» DATA:
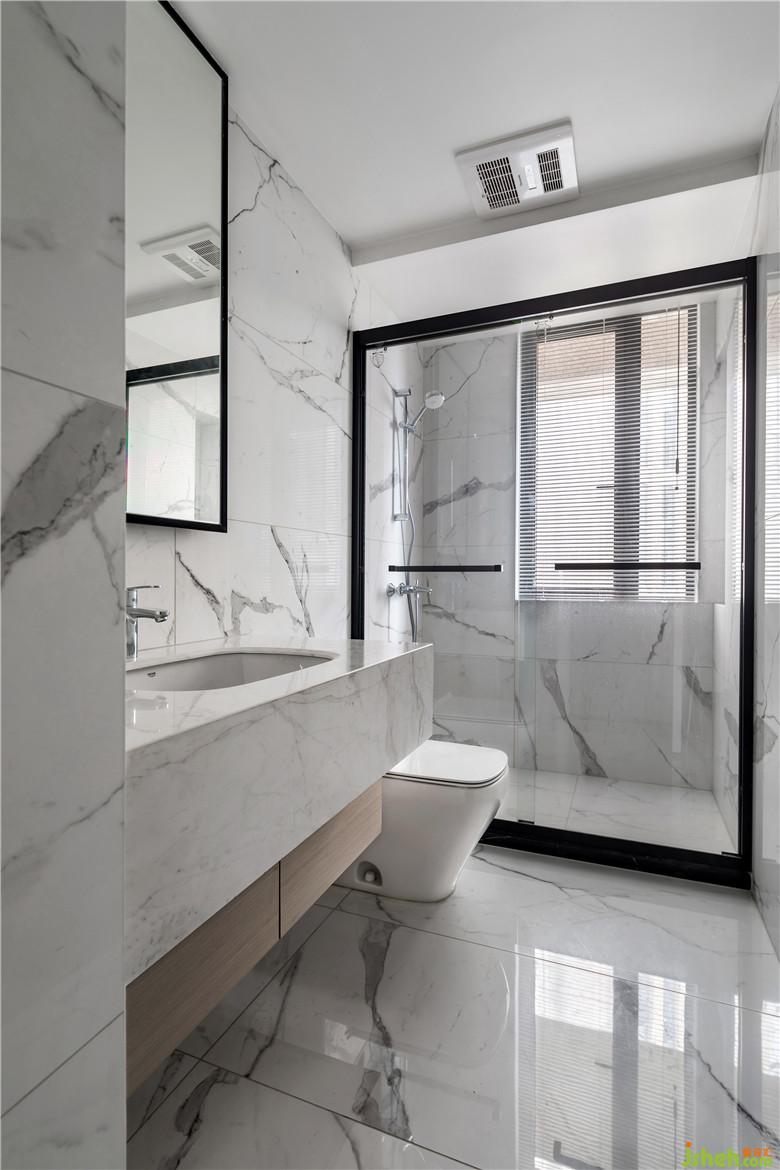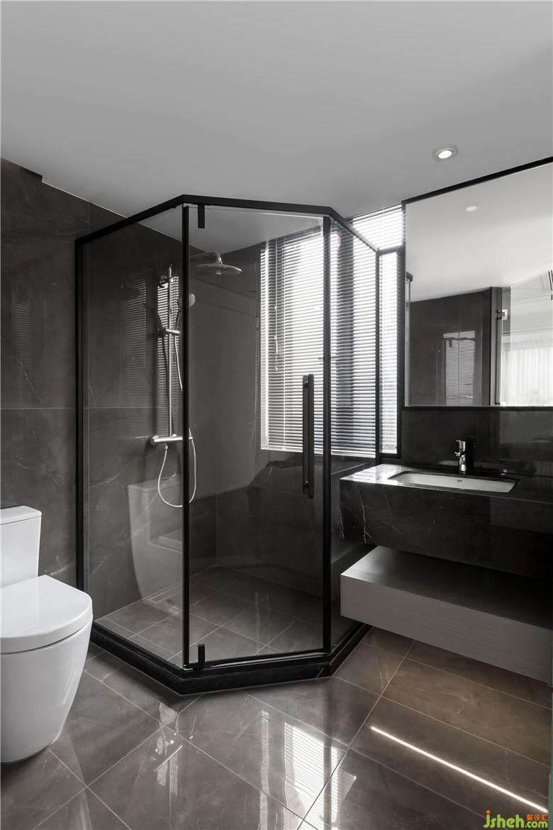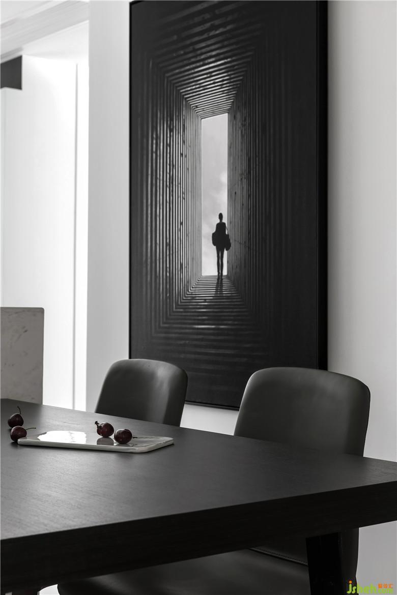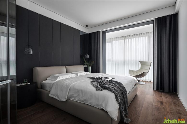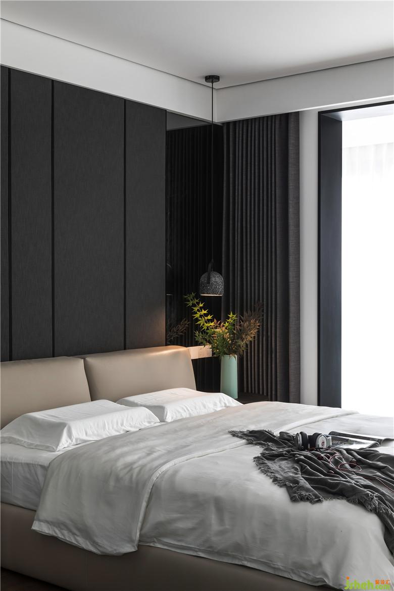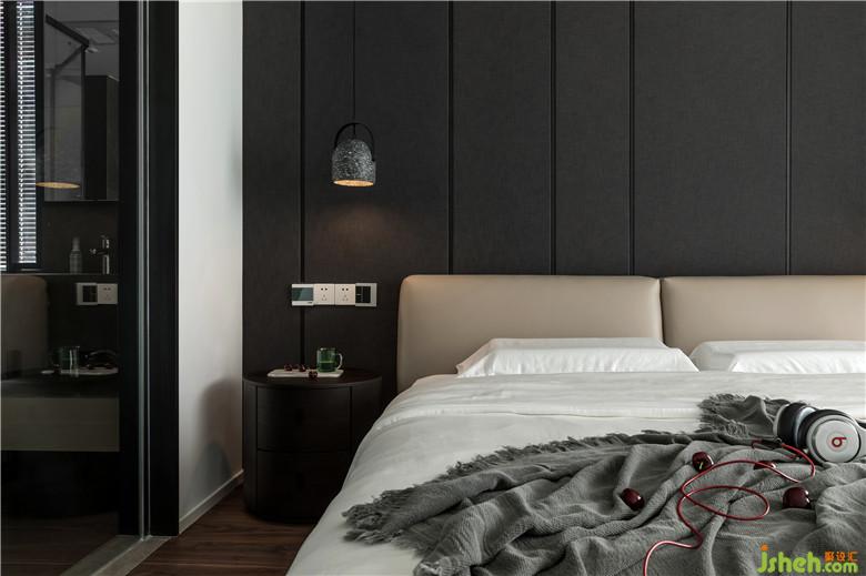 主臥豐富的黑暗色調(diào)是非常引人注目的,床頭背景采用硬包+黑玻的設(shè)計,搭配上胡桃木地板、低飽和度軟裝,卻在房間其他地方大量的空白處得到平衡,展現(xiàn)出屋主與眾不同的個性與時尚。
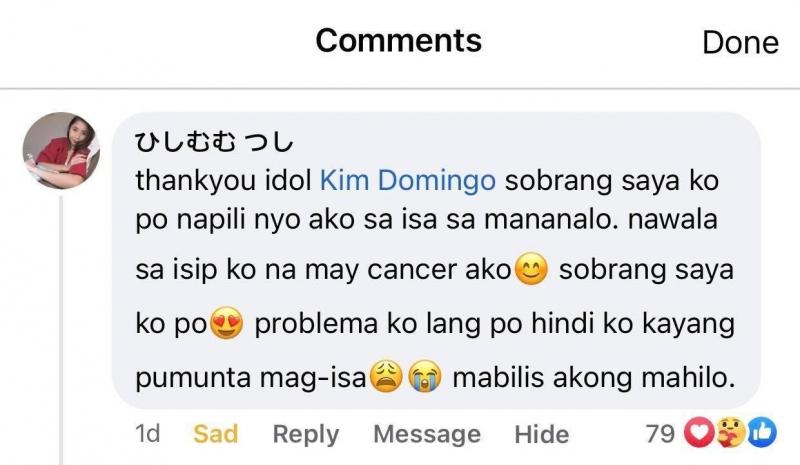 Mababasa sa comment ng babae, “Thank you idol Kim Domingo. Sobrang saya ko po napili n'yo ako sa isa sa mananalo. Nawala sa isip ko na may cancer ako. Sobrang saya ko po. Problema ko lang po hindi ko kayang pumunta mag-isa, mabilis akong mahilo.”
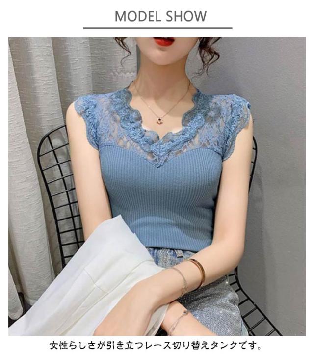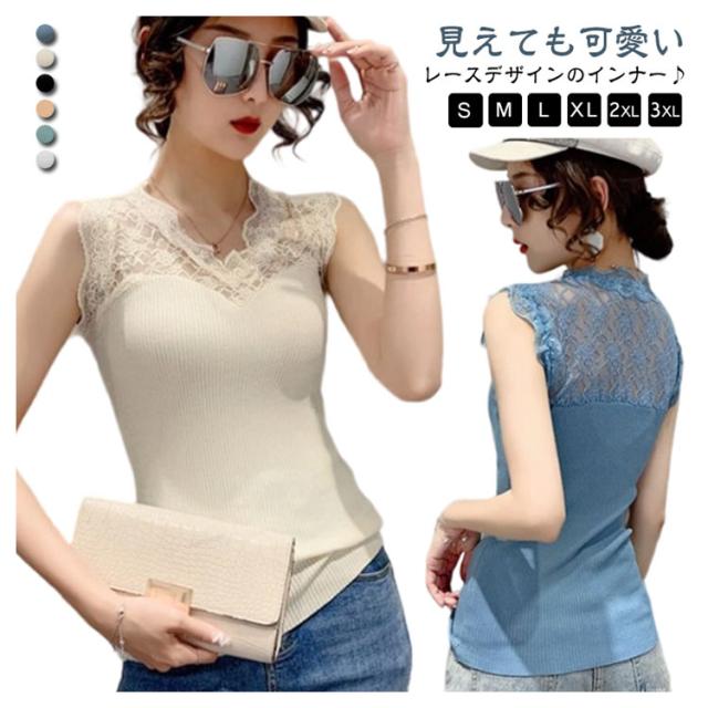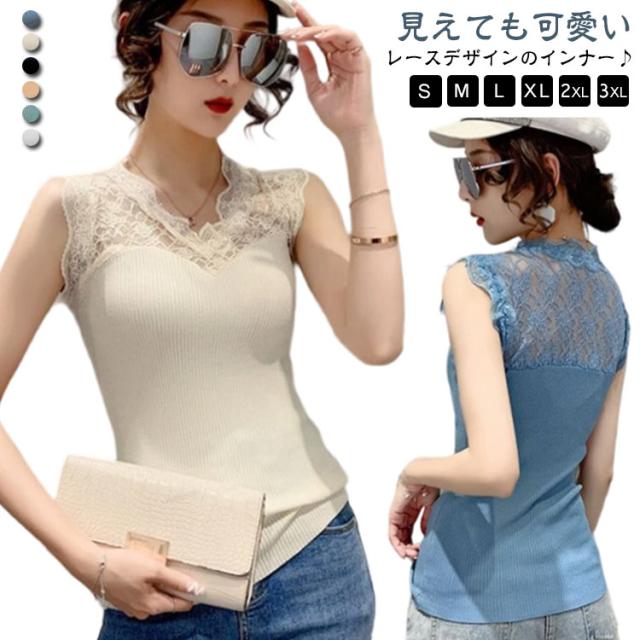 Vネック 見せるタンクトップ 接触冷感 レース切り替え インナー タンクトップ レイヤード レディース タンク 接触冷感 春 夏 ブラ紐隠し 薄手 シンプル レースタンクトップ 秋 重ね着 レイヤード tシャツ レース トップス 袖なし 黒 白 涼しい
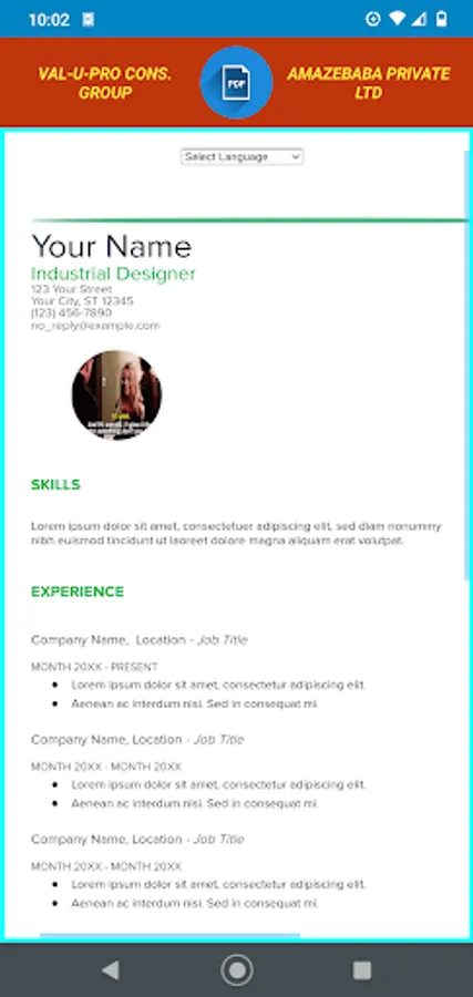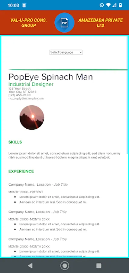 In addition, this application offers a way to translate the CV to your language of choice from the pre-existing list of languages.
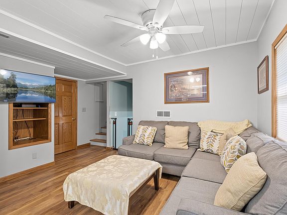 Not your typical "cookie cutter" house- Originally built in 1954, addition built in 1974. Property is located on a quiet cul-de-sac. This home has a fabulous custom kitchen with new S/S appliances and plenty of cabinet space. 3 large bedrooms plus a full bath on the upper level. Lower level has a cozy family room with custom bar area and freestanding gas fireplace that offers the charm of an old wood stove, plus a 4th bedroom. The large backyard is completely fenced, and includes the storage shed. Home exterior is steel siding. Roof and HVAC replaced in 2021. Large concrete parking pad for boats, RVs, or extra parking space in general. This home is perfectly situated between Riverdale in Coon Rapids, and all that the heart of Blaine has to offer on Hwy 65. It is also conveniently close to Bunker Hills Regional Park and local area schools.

» WHAT TO DO: In the copy, include every record exactly and no pictures at all.

» RESULT FOR THIS TASK:
 主臥豐富的黑暗色調(diào)是非常引人注目的,床頭背景采用硬包+黑玻的設(shè)計,搭配上胡桃木地板、低飽和度軟裝,卻在房間其他地方大量的空白處得到平衡,展現(xiàn)出屋主與眾不同的個性與時尚。
 Mababasa sa comment ng babae, “Thank you idol Kim Domingo. Sobrang saya ko po napili n'yo ako sa isa sa mananalo. Nawala sa isip ko na may cancer ako. Sobrang saya ko po. Problema ko lang po hindi ko kayang pumunta mag-isa, mabilis akong mahilo.”
 Vネック 見せるタンクトップ 接触冷感 レース切り替え インナー タンクトップ レイヤード レディース タンク 接触冷感 春 夏 ブラ紐隠し 薄手 シンプル レースタンクトップ 秋 重ね着 レイヤード tシャツ レース トップス 袖なし 黒 白 涼しい
 In addition, this application offers a way to translate the CV to your language of choice from the pre-existing list of languages.
 Not your typical "cookie cutter" house- Originally built in 1954, addition built in 1974. Property is located on a quiet cul-de-sac. This home has a fabulous custom kitchen with new S/S appliances and plenty of cabinet space. 3 large bedrooms plus a full bath on the upper level. Lower level has a cozy family room with custom bar area and freestanding gas fireplace that offers the charm of an old wood stove, plus a 4th bedroom. The large backyard is completely fenced, and includes the storage shed. Home exterior is steel siding. Roof and HVAC replaced in 2021. Large concrete parking pad for boats, RVs, or extra parking space in general. This home is perfectly situated between Riverdale in Coon Rapids, and all that the heart of Blaine has to offer on Hwy 65. It is also conveniently close to Bunker Hills Regional Park and local area schools.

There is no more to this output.